In the data below, locate the line containing "800 channel |" and the line containing "Изготовлен из ударопрочного", then retype both and everything between them exactly. Pictures are not part of the copy.

Material for this exercise:
┄┄┄┄┄┄┄┄┄┄

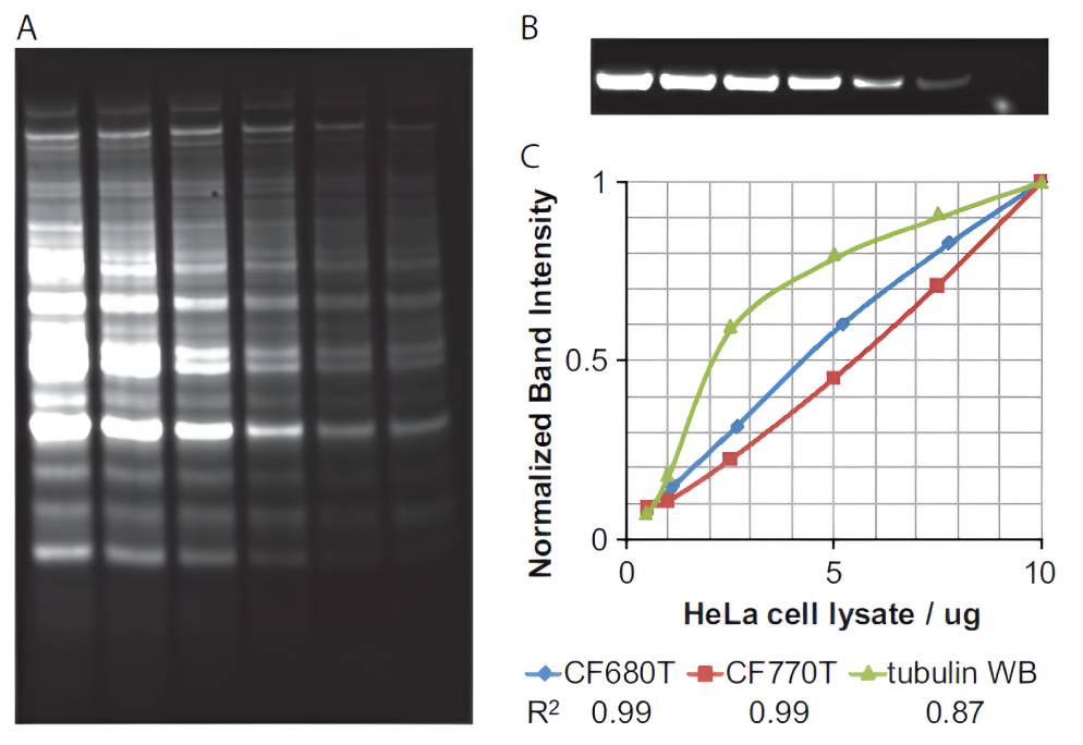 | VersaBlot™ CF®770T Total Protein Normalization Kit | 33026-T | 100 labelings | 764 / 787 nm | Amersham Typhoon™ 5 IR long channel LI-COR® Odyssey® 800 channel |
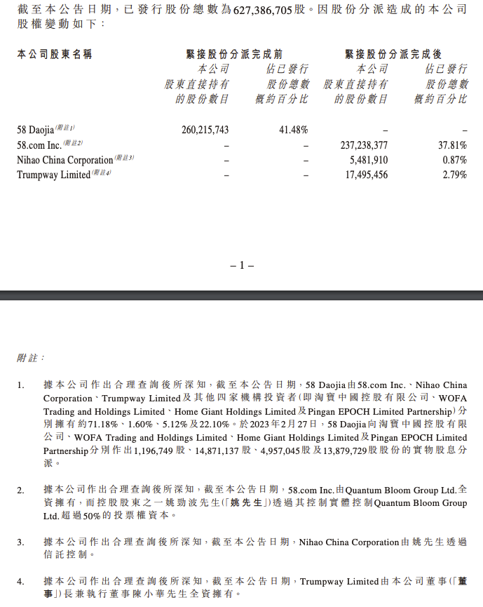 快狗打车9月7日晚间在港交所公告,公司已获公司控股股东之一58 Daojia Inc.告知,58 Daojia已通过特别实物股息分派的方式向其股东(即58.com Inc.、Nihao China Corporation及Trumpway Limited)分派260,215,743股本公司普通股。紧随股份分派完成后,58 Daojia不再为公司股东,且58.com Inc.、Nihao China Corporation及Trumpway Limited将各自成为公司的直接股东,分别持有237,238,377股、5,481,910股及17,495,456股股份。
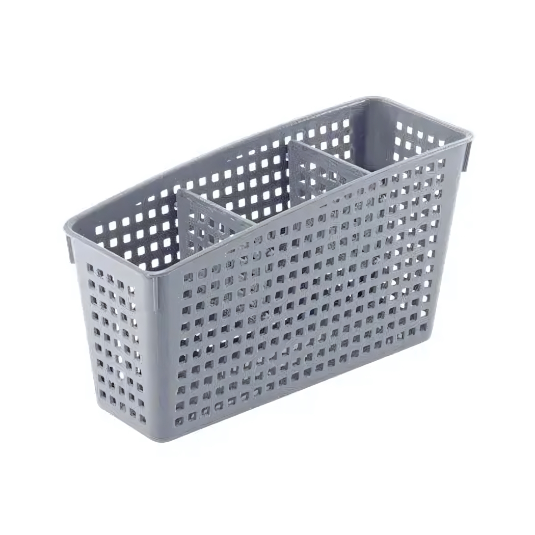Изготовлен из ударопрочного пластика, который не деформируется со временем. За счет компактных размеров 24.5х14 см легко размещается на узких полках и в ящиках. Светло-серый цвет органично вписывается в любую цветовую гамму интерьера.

┄┄┄┄┄┄┄┄┄┄

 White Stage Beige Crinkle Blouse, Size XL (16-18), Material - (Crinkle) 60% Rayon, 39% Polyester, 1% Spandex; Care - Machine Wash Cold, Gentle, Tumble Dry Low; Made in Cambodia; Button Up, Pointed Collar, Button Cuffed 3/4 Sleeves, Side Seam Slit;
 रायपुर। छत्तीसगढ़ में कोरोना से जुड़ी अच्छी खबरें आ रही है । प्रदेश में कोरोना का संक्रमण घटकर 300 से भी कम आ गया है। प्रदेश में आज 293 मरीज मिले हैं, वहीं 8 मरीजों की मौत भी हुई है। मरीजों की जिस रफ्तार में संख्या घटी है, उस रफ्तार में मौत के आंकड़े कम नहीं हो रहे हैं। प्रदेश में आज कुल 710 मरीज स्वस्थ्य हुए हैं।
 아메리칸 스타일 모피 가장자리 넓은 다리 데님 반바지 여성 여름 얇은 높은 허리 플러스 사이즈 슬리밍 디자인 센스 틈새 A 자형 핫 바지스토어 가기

┄┄┄┄┄┄┄┄┄┄

Problem solution:
 | VersaBlot™ CF®770T Total Protein Normalization Kit | 33026-T | 100 labelings | 764 / 787 nm | Amersham Typhoon™ 5 IR long channel LI-COR® Odyssey® 800 channel |
 快狗打车9月7日晚间在港交所公告,公司已获公司控股股东之一58 Daojia Inc.告知,58 Daojia已通过特别实物股息分派的方式向其股东(即58.com Inc.、Nihao China Corporation及Trumpway Limited)分派260,215,743股本公司普通股。紧随股份分派完成后,58 Daojia不再为公司股东,且58.com Inc.、Nihao China Corporation及Trumpway Limited将各自成为公司的直接股东,分别持有237,238,377股、5,481,910股及17,495,456股股份。
Изготовлен из ударопрочного пластика, который не деформируется со временем. За счет компактных размеров 24.5х14 см легко размещается на узких полках и в ящиках. Светло-серый цвет органично вписывается в любую цветовую гамму интерьера.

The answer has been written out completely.